For the entries below, repeat exactly each line starting with the one that contains "Relax in style" and going on through the one that contains "First off, I", and no others.

### Data records
════════════════════

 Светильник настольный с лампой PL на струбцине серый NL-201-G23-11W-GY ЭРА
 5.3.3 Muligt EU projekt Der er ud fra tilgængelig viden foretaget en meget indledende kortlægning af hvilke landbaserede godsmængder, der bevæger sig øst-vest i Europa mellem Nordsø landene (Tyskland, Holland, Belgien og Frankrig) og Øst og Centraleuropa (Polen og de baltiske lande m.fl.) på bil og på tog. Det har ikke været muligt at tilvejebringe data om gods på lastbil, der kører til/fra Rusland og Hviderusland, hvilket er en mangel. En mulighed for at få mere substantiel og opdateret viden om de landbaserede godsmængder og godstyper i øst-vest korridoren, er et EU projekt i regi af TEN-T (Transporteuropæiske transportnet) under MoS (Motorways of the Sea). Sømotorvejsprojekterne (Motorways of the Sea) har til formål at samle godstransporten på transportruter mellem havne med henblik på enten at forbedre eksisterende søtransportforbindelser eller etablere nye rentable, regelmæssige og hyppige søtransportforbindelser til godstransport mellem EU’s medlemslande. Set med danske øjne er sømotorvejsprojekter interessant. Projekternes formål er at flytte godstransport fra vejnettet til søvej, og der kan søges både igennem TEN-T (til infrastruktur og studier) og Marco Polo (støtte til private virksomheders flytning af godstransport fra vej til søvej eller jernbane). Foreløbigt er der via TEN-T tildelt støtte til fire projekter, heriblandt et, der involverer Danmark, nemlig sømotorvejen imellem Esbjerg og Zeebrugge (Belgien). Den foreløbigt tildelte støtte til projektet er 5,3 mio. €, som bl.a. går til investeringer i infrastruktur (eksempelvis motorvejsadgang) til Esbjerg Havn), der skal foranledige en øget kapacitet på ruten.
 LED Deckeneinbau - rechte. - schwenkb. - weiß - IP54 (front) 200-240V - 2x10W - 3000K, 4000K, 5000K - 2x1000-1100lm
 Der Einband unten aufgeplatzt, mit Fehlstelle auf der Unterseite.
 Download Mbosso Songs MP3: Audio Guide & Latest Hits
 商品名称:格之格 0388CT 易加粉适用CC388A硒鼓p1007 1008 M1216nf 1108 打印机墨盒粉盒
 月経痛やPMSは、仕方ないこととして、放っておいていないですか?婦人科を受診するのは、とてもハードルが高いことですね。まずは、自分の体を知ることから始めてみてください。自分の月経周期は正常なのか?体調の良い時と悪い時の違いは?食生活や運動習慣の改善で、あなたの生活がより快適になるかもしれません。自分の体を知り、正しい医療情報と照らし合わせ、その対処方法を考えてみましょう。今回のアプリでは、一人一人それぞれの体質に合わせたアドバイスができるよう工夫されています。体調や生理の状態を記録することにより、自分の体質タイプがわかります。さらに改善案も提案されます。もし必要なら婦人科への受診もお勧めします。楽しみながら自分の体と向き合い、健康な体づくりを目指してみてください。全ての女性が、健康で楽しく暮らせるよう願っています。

════════════════════

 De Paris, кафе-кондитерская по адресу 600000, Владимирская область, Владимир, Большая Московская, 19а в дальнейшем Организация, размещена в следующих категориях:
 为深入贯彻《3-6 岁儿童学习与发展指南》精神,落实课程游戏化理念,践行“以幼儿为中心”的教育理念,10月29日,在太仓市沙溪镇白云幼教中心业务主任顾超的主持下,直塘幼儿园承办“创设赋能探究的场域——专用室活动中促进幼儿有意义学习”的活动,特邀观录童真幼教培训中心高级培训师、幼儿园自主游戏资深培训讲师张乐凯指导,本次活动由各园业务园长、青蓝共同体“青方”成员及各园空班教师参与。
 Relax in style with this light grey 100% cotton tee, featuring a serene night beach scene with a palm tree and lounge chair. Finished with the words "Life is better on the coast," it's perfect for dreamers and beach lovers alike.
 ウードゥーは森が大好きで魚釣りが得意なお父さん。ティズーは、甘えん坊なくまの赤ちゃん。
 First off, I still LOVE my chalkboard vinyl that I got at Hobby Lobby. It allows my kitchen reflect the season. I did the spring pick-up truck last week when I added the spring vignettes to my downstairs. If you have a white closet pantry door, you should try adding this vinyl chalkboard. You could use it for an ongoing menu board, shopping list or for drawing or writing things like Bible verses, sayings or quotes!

════════════════════

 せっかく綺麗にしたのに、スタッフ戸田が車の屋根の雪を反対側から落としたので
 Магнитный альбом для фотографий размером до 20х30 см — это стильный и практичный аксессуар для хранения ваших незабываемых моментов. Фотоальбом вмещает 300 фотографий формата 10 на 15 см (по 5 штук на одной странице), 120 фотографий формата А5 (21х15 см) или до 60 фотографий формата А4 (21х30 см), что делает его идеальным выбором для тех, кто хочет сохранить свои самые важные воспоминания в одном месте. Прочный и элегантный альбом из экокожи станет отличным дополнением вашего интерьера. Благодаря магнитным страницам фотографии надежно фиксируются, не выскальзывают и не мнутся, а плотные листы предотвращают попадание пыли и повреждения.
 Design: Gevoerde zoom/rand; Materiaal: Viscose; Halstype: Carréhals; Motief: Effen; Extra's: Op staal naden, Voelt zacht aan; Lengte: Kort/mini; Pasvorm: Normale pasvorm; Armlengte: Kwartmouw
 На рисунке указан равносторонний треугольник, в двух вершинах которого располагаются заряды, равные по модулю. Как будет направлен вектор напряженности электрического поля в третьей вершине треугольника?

════════════════════

### Worked solution
 Relax in style with this light grey 100% cotton tee, featuring a serene night beach scene with a palm tree and lounge chair. Finished with the words "Life is better on the coast," it's perfect for dreamers and beach lovers alike.
 ウードゥーは森が大好きで魚釣りが得意なお父さん。ティズーは、甘えん坊なくまの赤ちゃん。
 First off, I still LOVE my chalkboard vinyl that I got at Hobby Lobby. It allows my kitchen reflect the season. I did the spring pick-up truck last week when I added the spring vignettes to my downstairs. If you have a white closet pantry door, you should try adding this vinyl chalkboard. You could use it for an ongoing menu board, shopping list or for drawing or writing things like Bible verses, sayings or quotes!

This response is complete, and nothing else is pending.